Она прочитала и замерла.

«Ты приехала. Я знала, что ты приедешь. Ты устала. Ты зла. Ты не веришь, что можешь быть нужна просто так. Без достижений. Без денег. Без пользы. Но ты ошибаешься. Ты уже нужна. Этому дому. Этой улице. Этому городу. И себе — тоже. Но ты пока этого не видишь. Начни с хлеба. Просто хлеба. Утром. Я оставила муку в подвале. Она еще хорошая.»

Анна прочитала это три раза.

Потом захлопнула дневник, отбросила его на кровать, как будто он обжег пальцы.

— Это не смешно, — сказала она в темноту. — Кто-то надо мной издевается.

Но в комнате никого не было. Только портрет Теклы на тумбочке. Текла улыбалась. Или нет — свеча дрожала, тени двигались.

Анна взяла дневник снова. Открыла на той же странице. Текст не исчез. Он был здесь. Написанный коричневыми чернилами, которые выглядели свежими. Слишком свежими для дневника сорокалетней давности.

Она провела пальцем по строчке. Чернила не размазались. Но бумага была теплой. Как будто кто-то только что писал эти слова. Минуту назад. Секунду назад.

— Это бред, — сказала Анна. — Это галлюцинация. У меня обезвоживание. Или отравление. Или…

Она не договорила. Потому что в подвале что-то стукнуло.

Анна замерла.

Стук повторился. Глухой, деревянный. Как будто кто-то закрыл дверцу печки.

— Здесь никого нет, — прошептала она. — Дом пустует три года. Никого нет.

Она встала с кровати. Босиком. Спальный мешок упал на пол. Свеча почти погасла — остался крошечный язычок пламени, который вот-вот должен был умереть.

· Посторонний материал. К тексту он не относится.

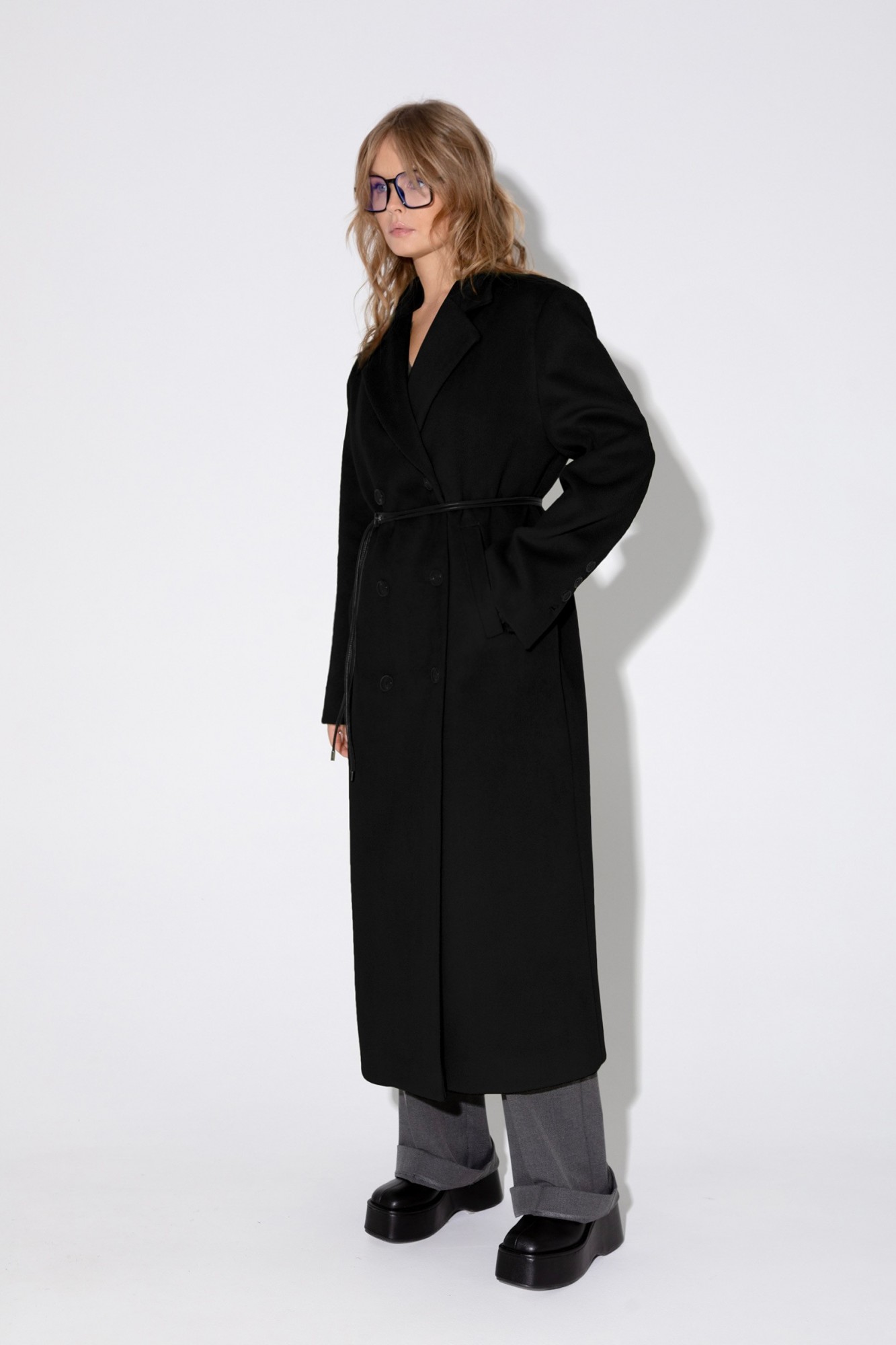 Миди-пальто покроя оверсайз и расширенными плечами.

Анна взяла дневник (зачем? зачем она его взяла?) и пошла к двери, ведущей в подвал. Ноги были ватными. Сердце колотилось где-то в горле.

Она открыла дверь.

Темнота. Лестница вниз. И запах. Тот самый запах — ванили, дрожжей, теплого хлеба. Только теперь он был сильнее. Намного сильнее. Как будто в подвале только что вынули из печи свежий каравай.

Анна сделала шаг вниз. Ступенька скрипнула. Еще шаг. Еще.

На десятой ступеньке она остановилась. Свеча в ее руке (когда она успела взять свечу?) отбрасывала свет на старый стол. На столе ничего не было. Ни миски, ни скалки, ни муки.

Но печь — старая, кирпичная, занимавшая половину подвала — была теплой.

Анна подошла. Протянула руку к чугунной дверце. Коснулась. Металл был горячим. Не обжигающим, но явно теплым. Как будто печь топили час назад.

Она открыла дверцу.

Внутри лежал хлеб. Маленький, круглый, румяный. С надрезом посередине, похожим на крест.

Анна вытащила его голыми руками — и не обожглась. Хлеб был теплым. Свежим. Пахло так, что у нее закружилась голова.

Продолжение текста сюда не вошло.